Aiscrim wrote: For two quadratic trinomials $P(x)$ and $Q(x)$ there is a linear function $l(x)$ such that $P(x)=Q(l(x))$ for all real $x$. How many such linear functions $l(x)$ can exist? (A. Golovanov) I suppose that "quadratic trinomial" suppose that cofficient of $x^2$ is nonzero. If so : $P(x)=Q(l_1(x))$ and $P(x)=Q(l_2(x))$ implies $Q(l_1(x))=Q(l_2(x))$ and so : either $l_1(x)=l_2(x)$ either $l_1(x)+l_2(x)=c$ constant. Hence at most two such functions, and trivially at least two exist. Hence the answer : $\boxed{2}$

A more complicated, but relevant approach. Clearly a linear function $\ell(x) = ax+b$ (with $a\neq 0$) admit a (also linear) inverse $\ell^{-1}(x) = \dfrac {1} {a} x - \dfrac {b} {a}$. Then, if $P(x)=Q(\ell_1(x)) = Q(\ell_2(x))$, we also have $Q(x) = Q(\lambda(x))$, where $\lambda = \ell_2\circ \ell_1^{-1}$ is linear, thus $\lambda(x) = \alpha x + \beta$ (with $\alpha \neq 0$).
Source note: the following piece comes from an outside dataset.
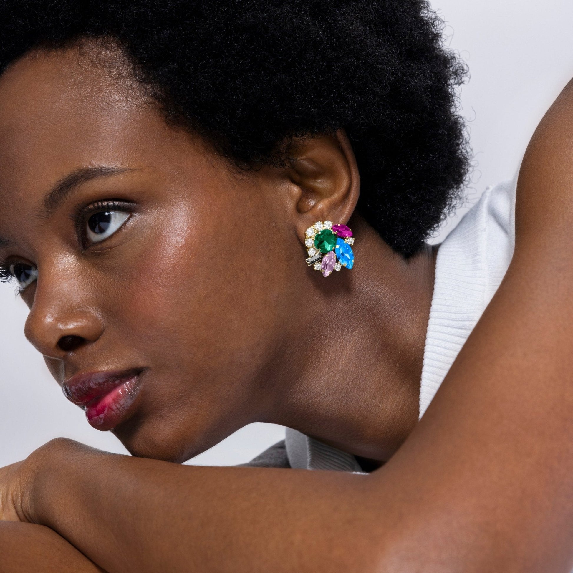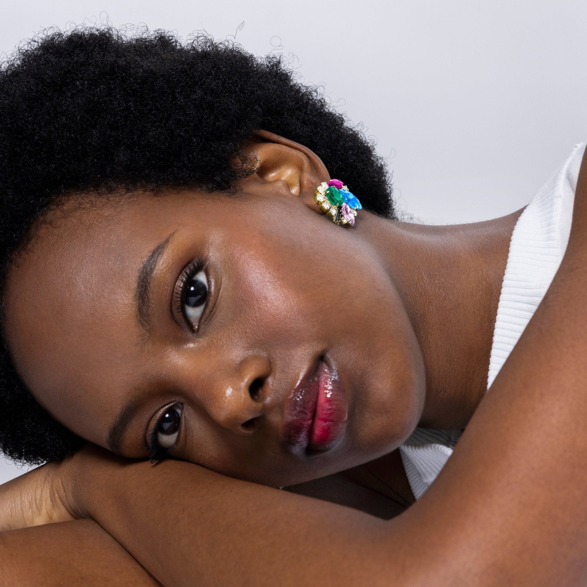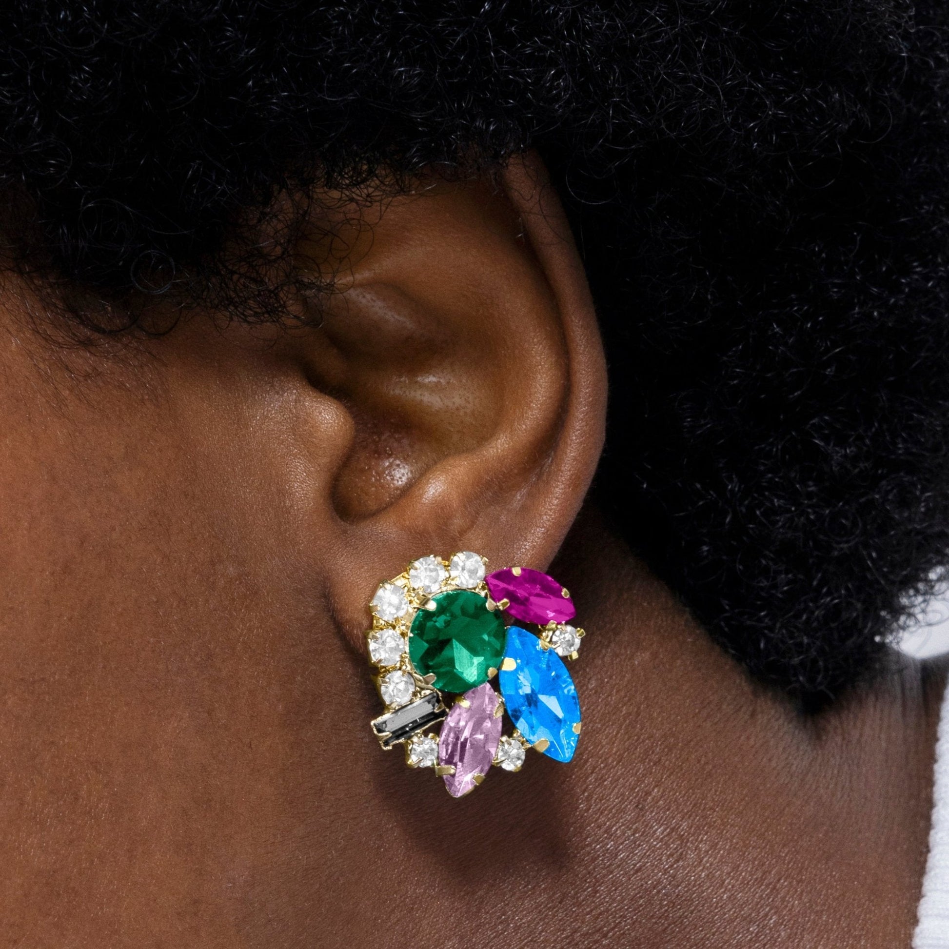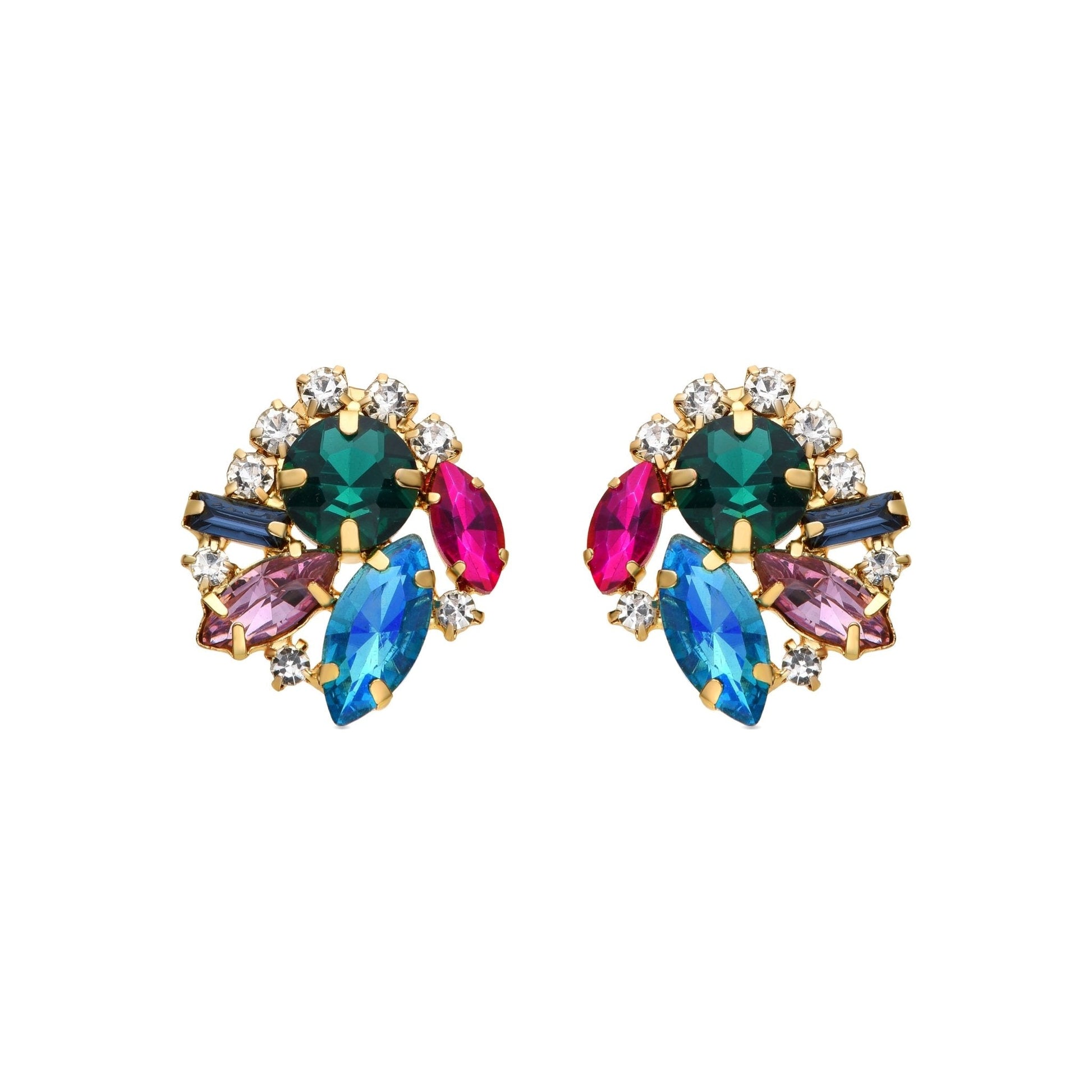 Pendientes Nyuva de Cristal Azul acabados en oro amarillo de 18k.

By identification of the dominant coefficients follows $|\alpha|=1$. (Then, for $\deg Q = n\geq 2$, and working with complex coefficients, we may have as many as $n$ such functions $\lambda$, for example $\lambda_k(x) = \textrm{e}^{2k\pi\textrm{i}/n} x$ for $Q(x) = x^n$). In the sequel, assume real coefficients. With $\deg Q = n\geq 2$, then for odd $n$ we have $\alpha=1$, leading to $Q(x) = Q(x+\beta)$, thus by simple iteration $Q(x) = Q(x+k\beta)$ for all natural $k$; this clearly forces $\beta = 0$, for which $\lambda = \operatorname{id}$. For even $n$ we may also have $\alpha=-1$, leading to $Q(x) = Q(-x+\beta)$, thus $\lambda \circ \lambda = \operatorname{id}$. But we cannot have $Q(x) = Q(-x+\gamma)$ for $\gamma \neq \beta$, since then $Q(-x+\beta) = Q(-x+\gamma)$, so $Q(x) = Q(x+(\beta -\gamma))$, with the obvious contradiction pointed at in the above. It follows in this case may exist at most two such functions $\lambda$, with an immediate example given by $Q$ made only of monomials of even degree, when $\lambda = \pm \operatorname{id}$ work. In the case at hand, $\deg Q = 2$, which allows the simpler and more direct solution based on the symmetries of the graph of a quadratic trinomial.